[[ Dataset content, beginning ]]

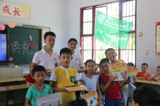 在随后举行的结课典礼上,队员们逐一讲述这几天义教的感想,孩子们一起合唱了《小小少年》,孩子们给父母献上了一首《时间都去哪儿》,孩子们表演了父母年代经典歌曲《爱》的手语版,变化着的手势,用另一种方式,表达了对父母的爱和感恩之情。队员们给孩子们颁发了奖状,对他们的优秀表现进行鼓励。
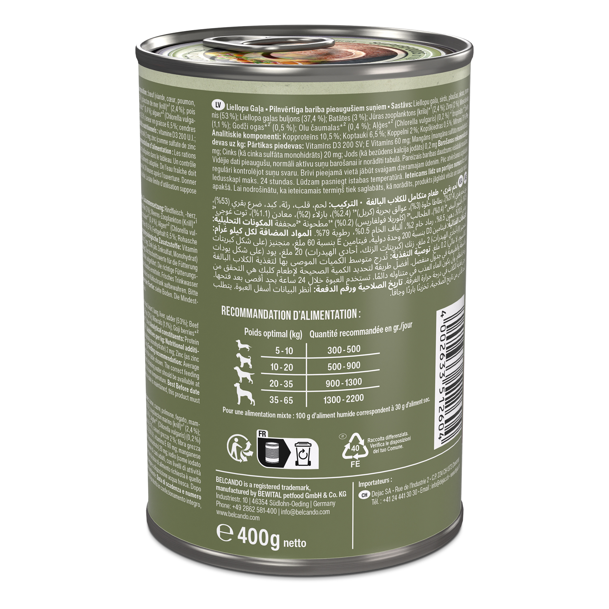 Les rations moyennes pour l’alimentation des chiens adultes à activité normale sont indiquées dans le tableau. Un contrôle régulier du poids du chien permet de déterminer au mieux la quantité d’aliments adaptée. De l’eau fraîche doit toujours être à disposition. Conserver au réfrigérateur pour un maximum de 24 heures après l’ouverture. Donner à température ambiante.
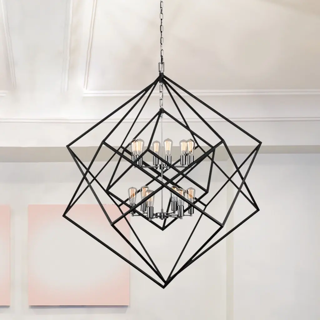 The "Artistry" collection features striking geometric square frames, offering a modern and sophisticated design. Each piece showcases clean lines and a bold structure, making it a standout addition to any contemporary space. The open-frame design allows light to playfully interact with its surroundings, creating captivating shadows and visual interest. Perfect for dining areas, living rooms, or entryways, the "Artistry" collection adds an artistic flair to any interior.
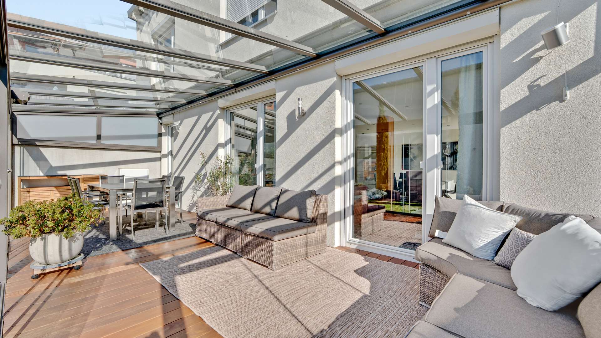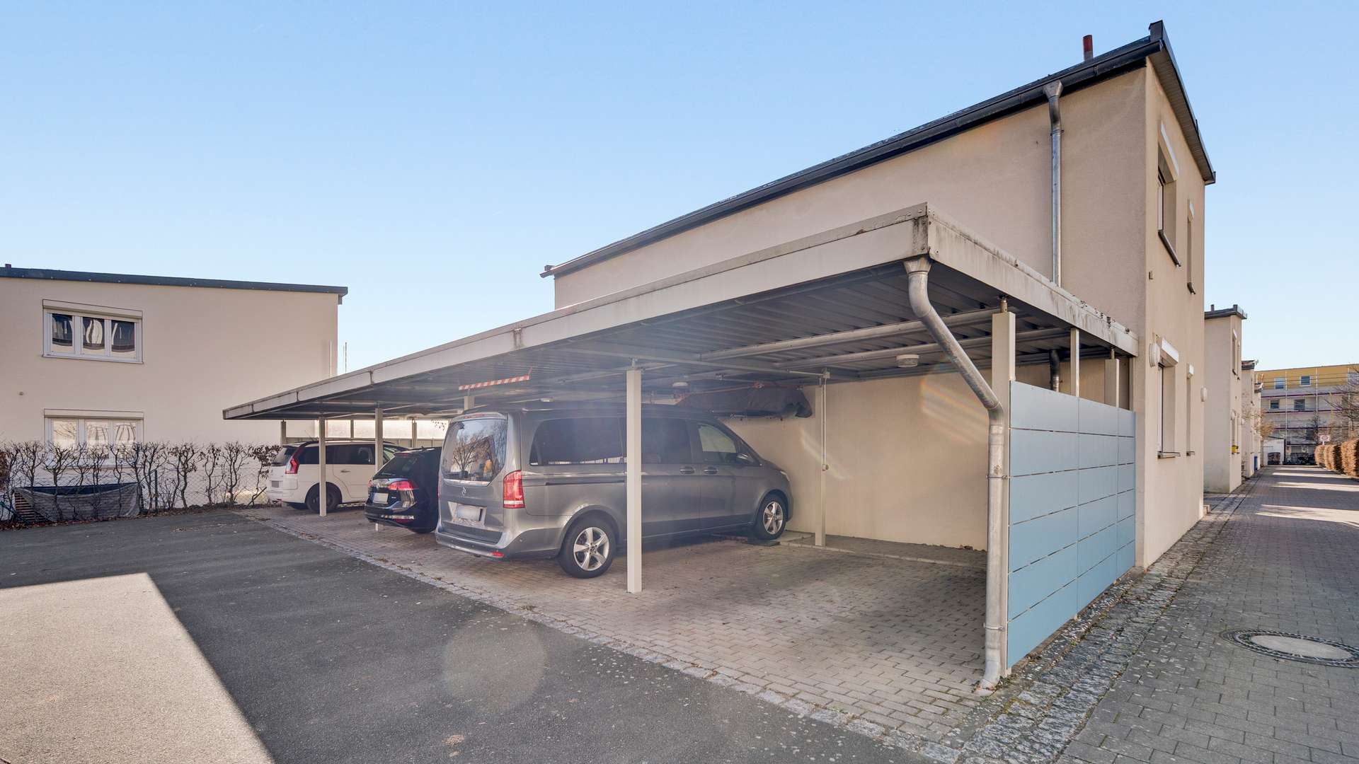 Das 2009 erbaute Haus besticht mit 165,90m² Wohnfläche, verteilt auf zwei Etagen, und einem WU-Beton-Keller. Der durchdachte Grundriss umfasst eine großzügige Aufteilung im Erd- und Obergeschoss sowie zusätzliche Nutzflächen im Kellergeschoss. Das Grundstück von 293m² ist vollständig umfriedet und bietet dank eines blickdichten Kunststoffzauns absolute Privatsphäre. Im Außenbereich finden Sie eine moderne Terrasse mit hochwertigen WPC-Dielen, einem Whirlpool und elegant angelegte Zierpflanzen, immergrüne Bäume und einen gepflegten Rasen. Zwei Stellplätze im Carport (gemeinschaftlich genutzt) inkl. Vorbereitung für eine Wallbox ermöglichen zukunftssicheres Parken direkt am Haus. Ein Stellplatz ist bereits im Preis inklusive, der zweite kann für nur 30.000€ dazu erworben werden. Der 2016 angebaute Wintergarten bildet ein absolutes Highlight mit Infrarotheizung, Beleuchtung und Beschattung (steuerbar per App).
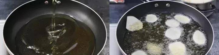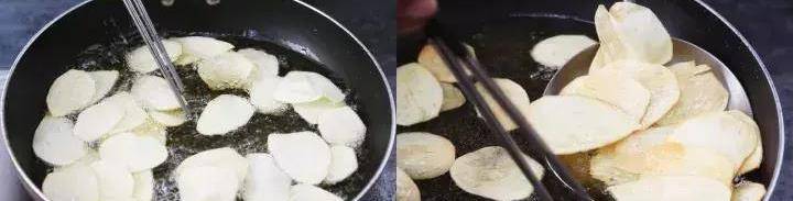 4、熱鍋倒入適量玉米油,慈菇一片一片放入鍋中。
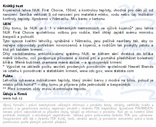 Kojenecké lahve NUK First Choice, 150ml, s kontrolou teploty, vhodná pro děti již od narození. Savička velikosti S od narození pro mateřské mléko, vodu nebo čaj. Indikátor kontroly teploty. Vyrobeno v Německu. Mix barev v kartonu.
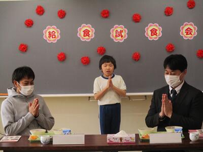 今日は、給食の食材を提供して下さっている生産者の方と学校評議員の皆さんをお招きし試食会を行いました。子ども達から生産者の方に日頃の感謝の言葉が伝えられました。「ゆかりごはん」や「レバーのみそだれがけ」などが好評で、バランスもよくおいしい給食だとの言葉をいただきました。
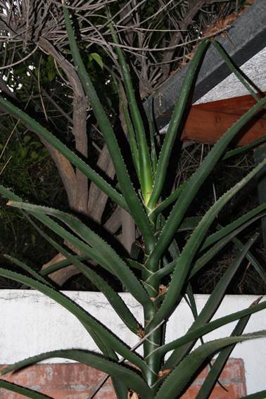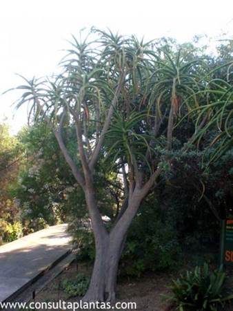 Descripción: planta suculenta de porte arbóreo, de 15 a 18 m de alto, fuertemente pseudodicotómica, corteza de gris. Hojas en rosetas terminales en las ramas, de color verde opaco, de 60-90 x 7-9 cm de ancho en la base, ensiformes, margen dentado de color claro rojizo. Inflorescencia de 40 a 60 cm de altura, ramificada en tres. Flores tubulares de 3 cm long., con seis tépalos petaloides unidos, rosa-anaranjados con el ápice verdoso: androceo con seis estambres, estilo ligeramente exerto, ovario súpero. Fruto, una cápsula con numerosas semillas.
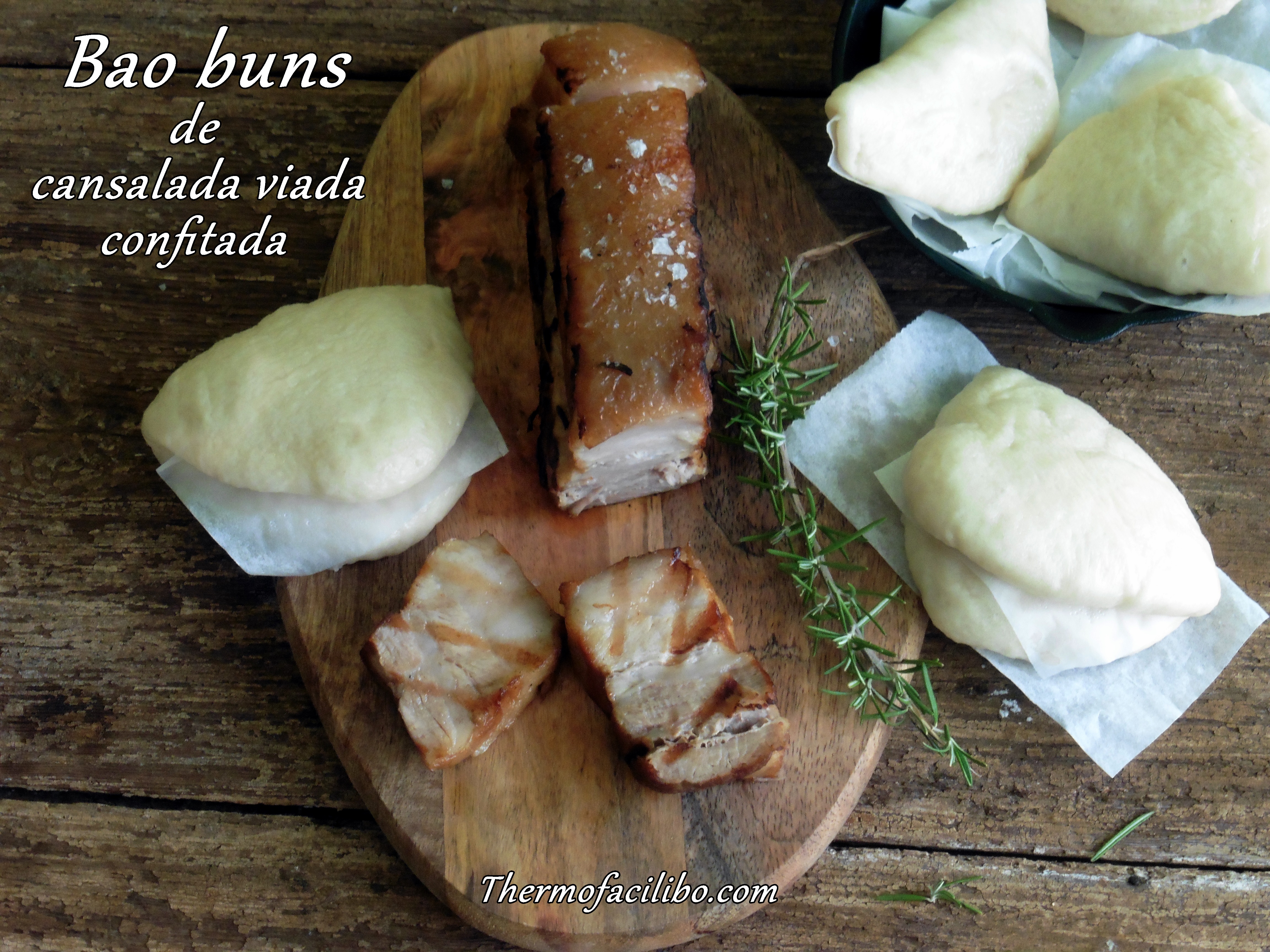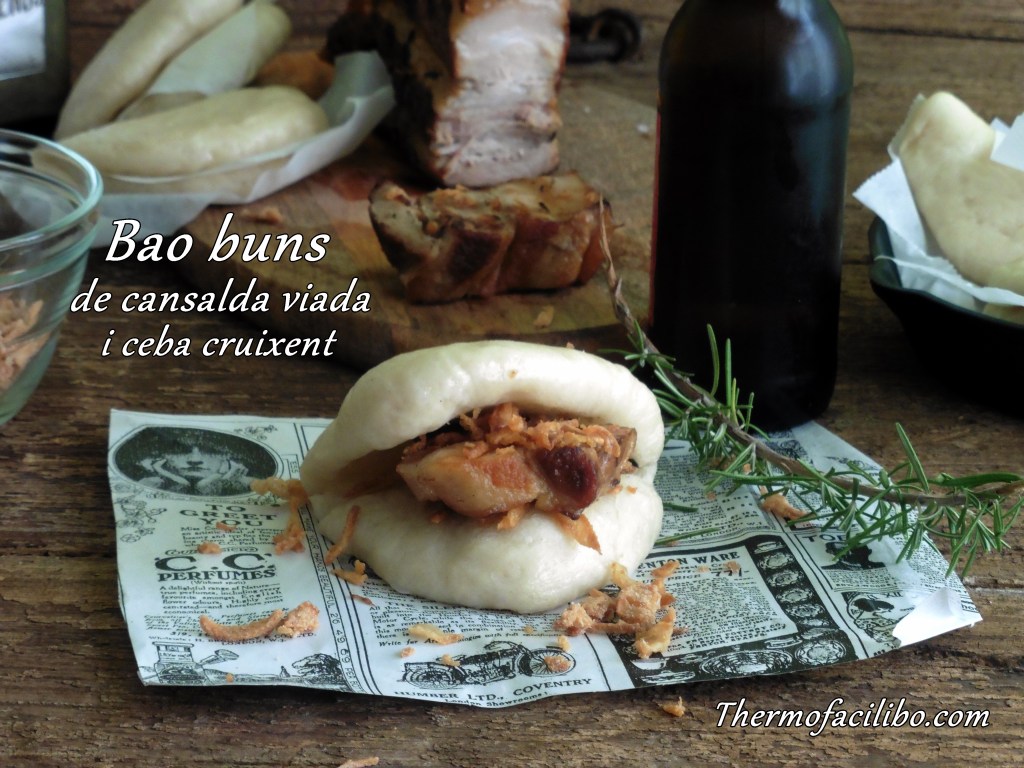- Obrir el baos, retirar el paper vegetal i posar un tros de cansalada viada, unes gotes de salsa hoisin (jo, sal Maldon), un grapat de ceba cruixent i algunes fulles de ruca. Servir immediatament.

[[ Dataset content, end ]]

Required action. Transcribe every entry exactly. Leave out the pictures.

Response to this task.
 在随后举行的结课典礼上,队员们逐一讲述这几天义教的感想,孩子们一起合唱了《小小少年》,孩子们给父母献上了一首《时间都去哪儿》,孩子们表演了父母年代经典歌曲《爱》的手语版,变化着的手势,用另一种方式,表达了对父母的爱和感恩之情。队员们给孩子们颁发了奖状,对他们的优秀表现进行鼓励。
 Les rations moyennes pour l’alimentation des chiens adultes à activité normale sont indiquées dans le tableau. Un contrôle régulier du poids du chien permet de déterminer au mieux la quantité d’aliments adaptée. De l’eau fraîche doit toujours être à disposition. Conserver au réfrigérateur pour un maximum de 24 heures après l’ouverture. Donner à température ambiante.
 The "Artistry" collection features striking geometric square frames, offering a modern and sophisticated design. Each piece showcases clean lines and a bold structure, making it a standout addition to any contemporary space. The open-frame design allows light to playfully interact with its surroundings, creating captivating shadows and visual interest. Perfect for dining areas, living rooms, or entryways, the "Artistry" collection adds an artistic flair to any interior.
 Das 2009 erbaute Haus besticht mit 165,90m² Wohnfläche, verteilt auf zwei Etagen, und einem WU-Beton-Keller. Der durchdachte Grundriss umfasst eine großzügige Aufteilung im Erd- und Obergeschoss sowie zusätzliche Nutzflächen im Kellergeschoss. Das Grundstück von 293m² ist vollständig umfriedet und bietet dank eines blickdichten Kunststoffzauns absolute Privatsphäre. Im Außenbereich finden Sie eine moderne Terrasse mit hochwertigen WPC-Dielen, einem Whirlpool und elegant angelegte Zierpflanzen, immergrüne Bäume und einen gepflegten Rasen. Zwei Stellplätze im Carport (gemeinschaftlich genutzt) inkl. Vorbereitung für eine Wallbox ermöglichen zukunftssicheres Parken direkt am Haus. Ein Stellplatz ist bereits im Preis inklusive, der zweite kann für nur 30.000€ dazu erworben werden. Der 2016 angebaute Wintergarten bildet ein absolutes Highlight mit Infrarotheizung, Beleuchtung und Beschattung (steuerbar per App).
 4、熱鍋倒入適量玉米油,慈菇一片一片放入鍋中。
 Kojenecké lahve NUK First Choice, 150ml, s kontrolou teploty, vhodná pro děti již od narození. Savička velikosti S od narození pro mateřské mléko, vodu nebo čaj. Indikátor kontroly teploty. Vyrobeno v Německu. Mix barev v kartonu.
 今日は、給食の食材を提供して下さっている生産者の方と学校評議員の皆さんをお招きし試食会を行いました。子ども達から生産者の方に日頃の感謝の言葉が伝えられました。「ゆかりごはん」や「レバーのみそだれがけ」などが好評で、バランスもよくおいしい給食だとの言葉をいただきました。
 Descripción: planta suculenta de porte arbóreo, de 15 a 18 m de alto, fuertemente pseudodicotómica, corteza de gris. Hojas en rosetas terminales en las ramas, de color verde opaco, de 60-90 x 7-9 cm de ancho en la base, ensiformes, margen dentado de color claro rojizo. Inflorescencia de 40 a 60 cm de altura, ramificada en tres. Flores tubulares de 3 cm long., con seis tépalos petaloides unidos, rosa-anaranjados con el ápice verdoso: androceo con seis estambres, estilo ligeramente exerto, ovario súpero. Fruto, una cápsula con numerosas semillas.
- Obrir el baos, retirar el paper vegetal i posar un tros de cansalada viada, unes gotes de salsa hoisin (jo, sal Maldon), un grapat de ceba cruixent i algunes fulles de ruca. Servir immediatament.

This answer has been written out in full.